アリ・アスター監督が娯楽性を保ちつつ、現代の問題へのチューニング精度を一気に高めたことは嬉しい驚きだ。監督の過去3作は、謎の呪いで家族が崩壊する「ヘレディタリー 継承」、北欧の楽園のような村を訪れた若者たちが地獄を見る「ミッドサマー」、不安症の中年男が母の葬儀に向かう途上で災難に見舞われる「ボーはおそれている」。これらはいくらかの現代性を含みつつも、オカルト、カルト宗教、不条理な展開といった要素により、大半の観客から自分には直接関係のないフィクション、娯楽作として鑑賞されただろう。

だが最新作「エディントンへようこそ」を観て揺さぶられる感覚と感情の切実さは、アスター監督の過去作とは大きく異なる。本作を端的に形容するなら、パンデミック期のノワール西部劇。主人公の保安官ジョーは喘息持ちのため厳格なマスク着用ルールに反対し、情緒不安定な妻ルイーズと陰謀論者の義母にも悩まされている。ロックダウンを実施しマスク着用を義務付けた市長テッドと反目し、ジョーが次期市長選出馬を決めてからは、SNS動画のフェイクニュースで中傷するなど対立が激化。市長の息子が加わるブラック・ライブズ・マター(BLM)の抗議デモ、ルイーズに接近するカルト教祖、遠くから来た武装テロリスト集団などもからみ、かつての静かな田舎町エディントンに混乱と暴力と破壊の嵐が吹き荒れる。

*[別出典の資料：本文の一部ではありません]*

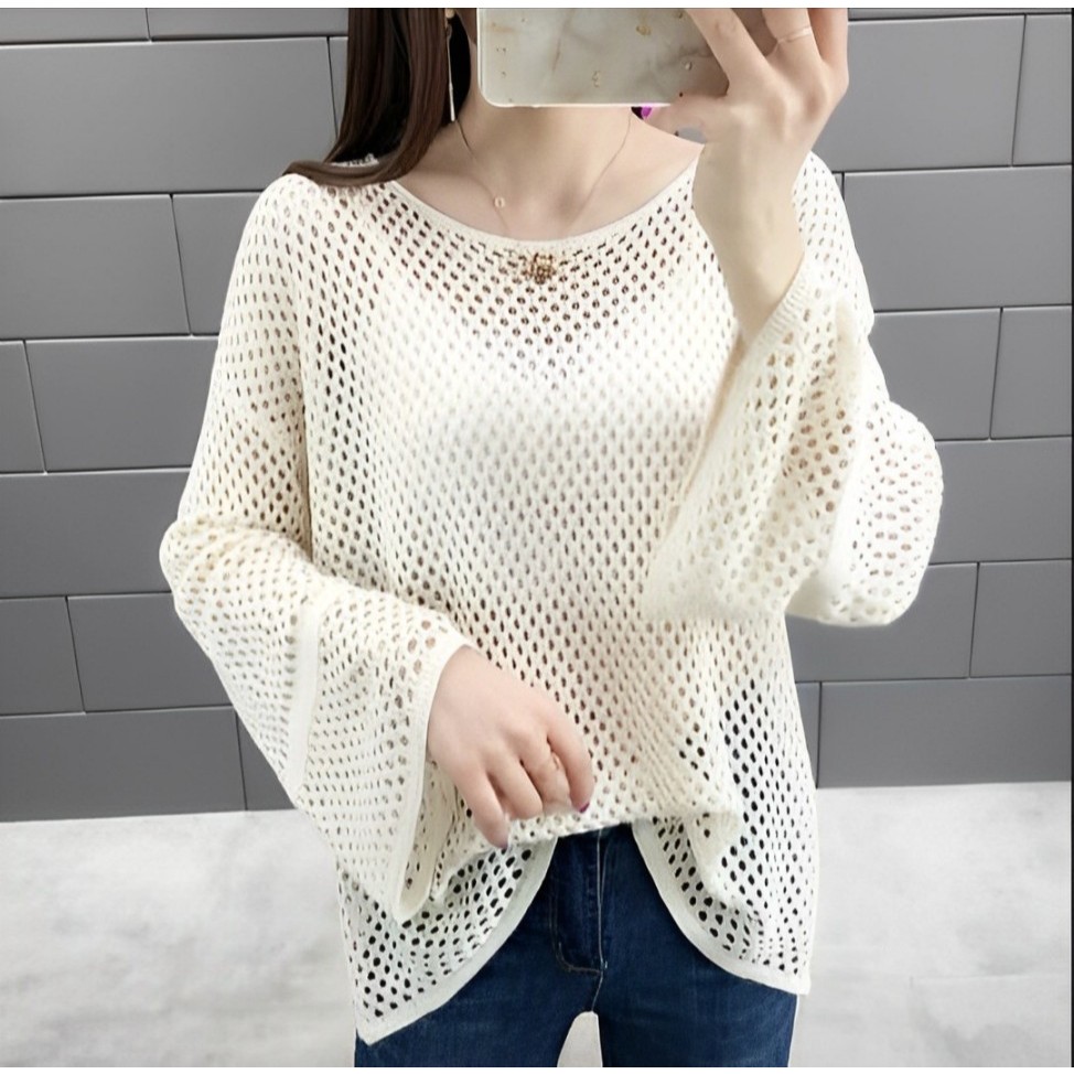 RO Blouse Rajut Messy Ld 90 - 100 cm P 60 cm B 200 gr Cotton rylic #4430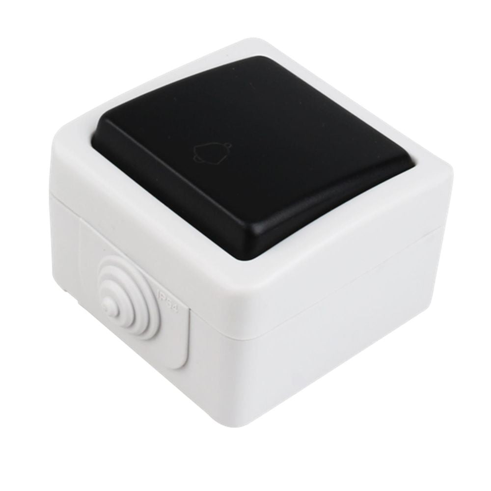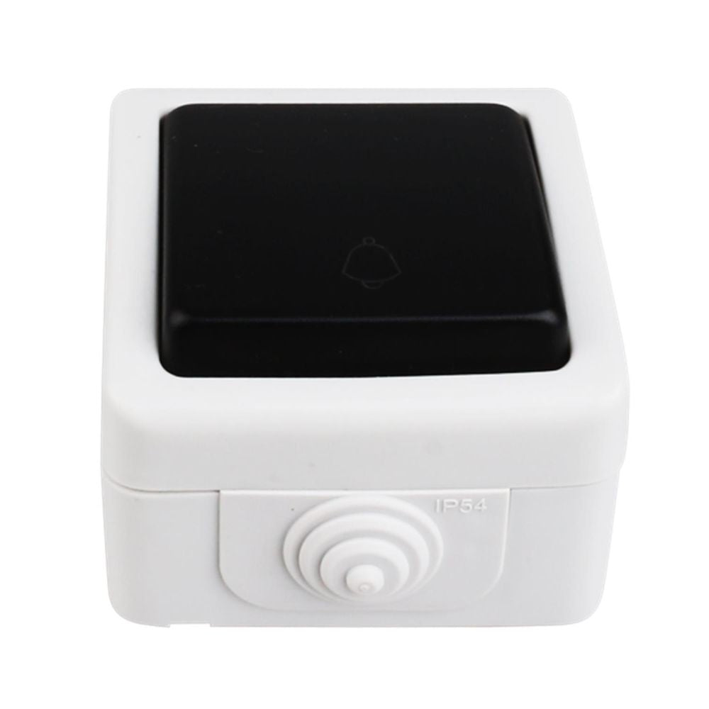 Klingeltaster mit einem Nennstrom von 10 A und einer Nennspannung von 250 V in der Farbe weiß und schwarz.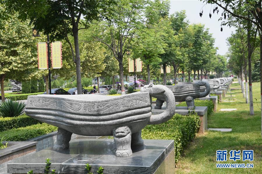 位于曲沃东城新区的晋园内的水匜(7月26日摄)。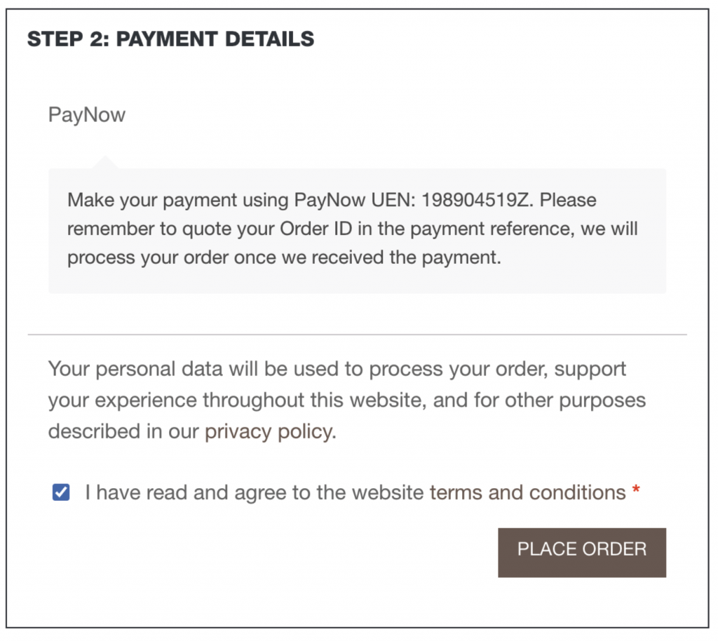 - You may now complete your purchase using Paynow payment mode. Remember to quote your “Order ID” in the payment reference. Your order will be processed once we have verified the payment. (Note: Your “Order ID” will be generated after you have placed the order.)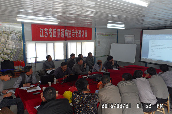 3月31日,针对项目施工过程中的质量通病,第九工程公司在祥河湾项目部组织了30多名项目生产经理、质检员、施工员等参加的质量培训专题会。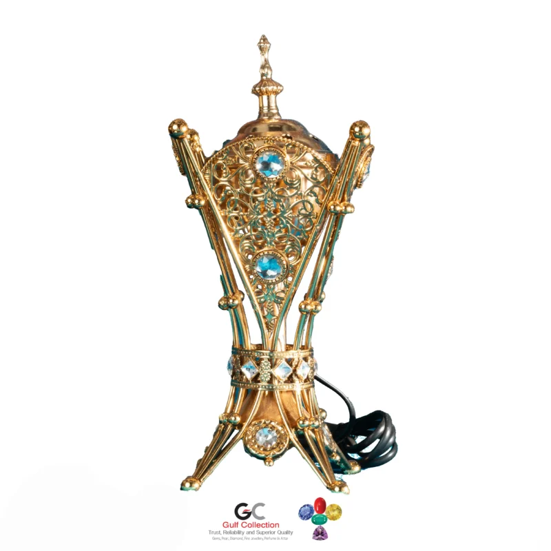 The image shows an ornate Arabian-style polyresin burner, also known as a bakhoor burner, from the Gulf Collection.We strongly believe on quality gemstone, real price and trusted long-term relation. Because our clients are the main capital for our business development.

往年の西部劇と言えば、町の住民と秩序を守る保安官は絶対的な善、住民の生命や財産を脅かす無法者や“蛮族インディアン”が絶対的な悪だった。だが、“世界の警察”を自認していたアメリカがベトナム戦争で失敗し、ニクソン大統領が違法行為で辞任し、CIAによる反共イスラム勢力への支援が中東や西アジアの問題を一層複雑化して911テロの遠因にもなり、自分に不都合な情報をフェイクニュースと言い放つトランプが2度大統領に選ばれたこの半世紀ほどを経て、もはや絶対善のリーダーなど誰も信じなくなった。誰かにとっての正義は、別の誰かにとっての悪。つまり善悪などの価値観は相対的なものだということを、大勢が受け入れるようになった。また価値観の相対化には、「自分の考えが正しく、異論はみな間違い」という偏ったメンタリティを助長する負の面があり、それが分断をあおる現状もある。

脚本も担うアリ・アスターは、考え方や利害が相容れないキャラクター(または勢力)たちの間で緊張が高まり、やがて対決を迎えるという往年の西部劇のフォーマットを下敷きにしつつ、コロナ禍、陰謀論、フェイクニュース、カルト、テロリスト、BLM、社会の分断などなど、あまたの現代的な題材をごった煮のごとくぶち込み、怒涛のストーリーテリングで観客を圧倒する。エディントンで巻き起こる騒動の多くは、マスク論争を筆頭に、私たち自身や身近に起きたこと、昨今の報道で見聞きしたことと重なる。だからこそ、ジェットコースターに自ら乗り込んで体験するかのごとく、不安、恐怖、衝撃、余韻がよりリアルに、切実に感じられるのだろう。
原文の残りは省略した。